Two common uses of array jobs are to run a program multiple times with different input parameters or different input files. Some example array job PBS scripts are shown below.

Single Parameter Change

This script will start an array job with 10 elements, each element will be assigned a different value of $PBS_ARRAY_INDEX from 1 to 10. In this case, $PBS_ARRAY_INDEX is used directly as a command line argument to the program called my_program.

#!/bin/bash
#PBS -P PANDORA
#PBS -l select=1:ncpus=1:mem=4GB
#PBS -l walltime=10:20:10
#PBS -J 1-10

cd $PBS_O_WORKDIR
my_program $PBS_ARRAY_INDEX > output.$PBS_ARRAY_INDEX

Multiple Parameter Changes

This script will run the program my_program with two parameters. $PBS_ARRAY_INDEX is only a single parameter; therefore, you will need a dictionary or lookup table to convert $PBS_ARRAY_INDEX indices to multiple parameters.

In the following example, all parameters required for the array job are stored in a file called job_params. The array job will read the line corresponding to $PBS_ARRAY_INDEX, and then pass these parameters to my_program.

An example job_params file:

1 0.1
2.4524 0.2
3.45 0.3
4.4 0.4

and an example PBS script called array-script.pbs:

#!/bin/bash
#PBS -P PANDORA
#PBS -l select=1:ncpus=1:mem=4GB
#PBS -l walltime=15:20:10
#PBS -J 1-4

cd $PBS_O_WORKDIR
params=`sed "${PBS_ARRAY_INDEX}q;d" job_params`
param_array=( $params )
my_program ${param_array[0]} ${param_array[1]}

Multiple input files

A third common usage of array jobs is to run the same program on multiple input files. The example here will run computations on all files in a directory. This script first saves a list of files in the directory to a file called file_list. The number of files in this list is then counted and saved to a variable called num_files. A PBS array script called run_array_job, which runs my_program with each file in the directory as input, is written to disk.

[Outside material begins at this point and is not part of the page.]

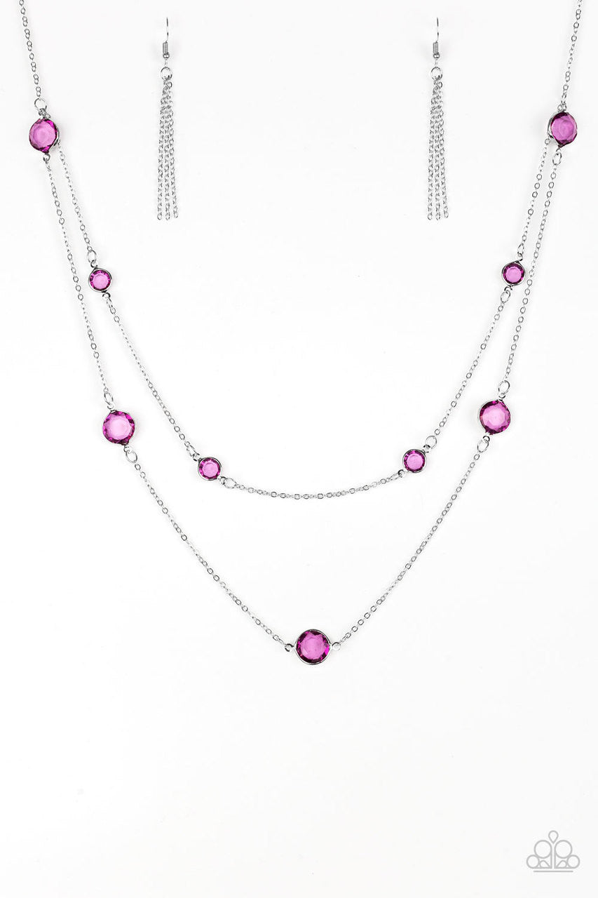 Varying in size, glassy purple gems trickle along dainty silver chains, creating sparkling layers across the chest. Features an adjustable clasp closure.
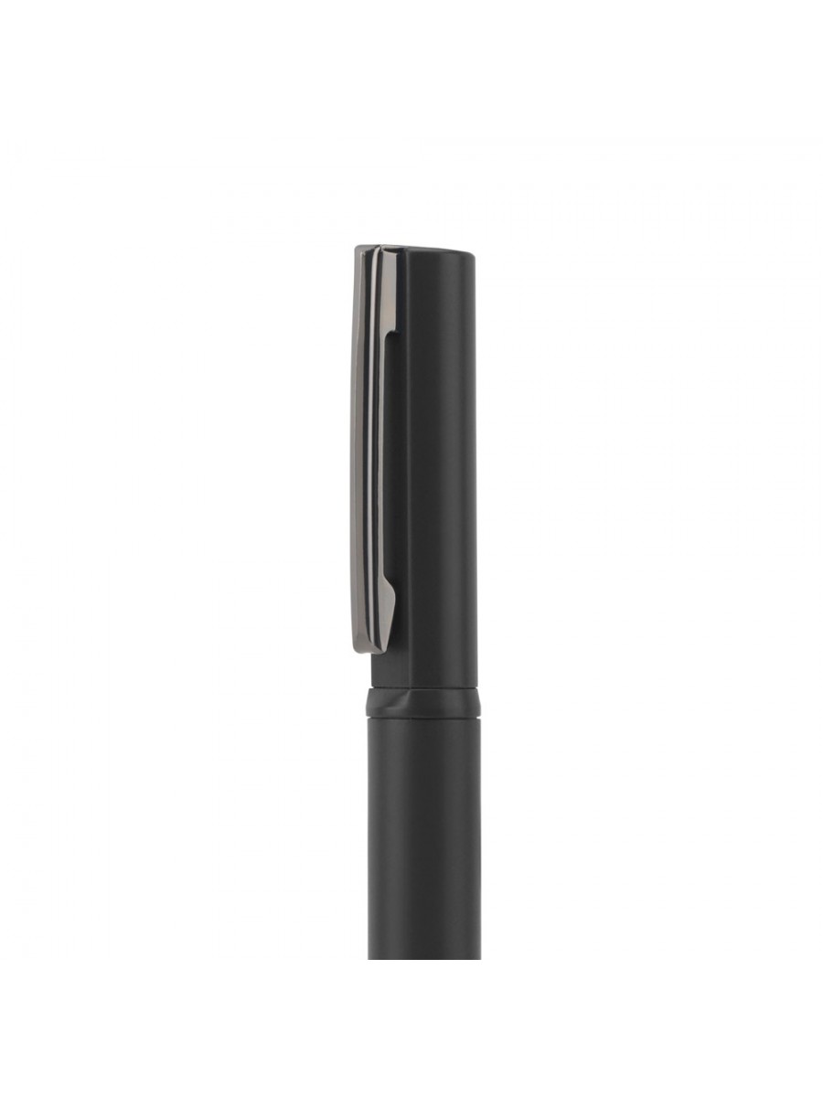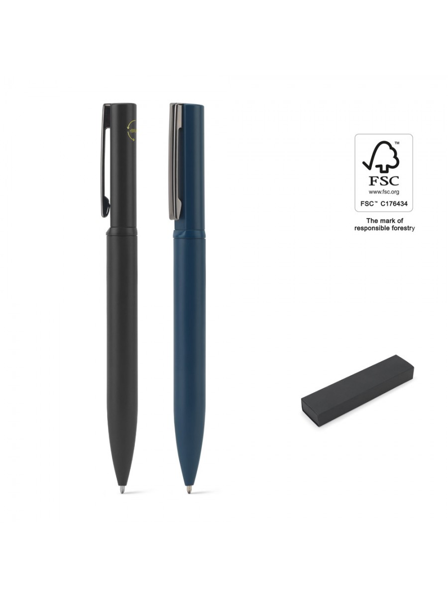 Penna a sfera elegante in metallo (60% riciclato), perfetta per valorizzare il tuo brand. Dotata di clip, meccanismo a rotazione e scrittura in blu. Fornita in confezione regalo in carta kraft certificata FSC™. Penna: ø12 x 138 mm | Astuccio: 170 x 40 x 22 mm

At the end of the script, the script submits run_array_job to the scheduler using the qsub command.

#!/bin/bash

rm file_list
find . -maxdepth 1 -type f | sed 's/.\///' > file_list
num_files=`cat file_list | wc -l | tr -d ' '`

cat > run_array_job << EOF
#!/bin/bash
#PBS -P PANDORA
#PBS -l select=1:ncpus=1:mem=4GB
#PBS -l walltime=15:20:10
#PBS -J 1-${num_files}

cd \$PBS_O_WORKDIR
filename=\`sed "\${PBS_ARRAY_INDEX}q;d" file_list\`
my_program < \$filename > \${filename}.output
EOF
qsub run_array_job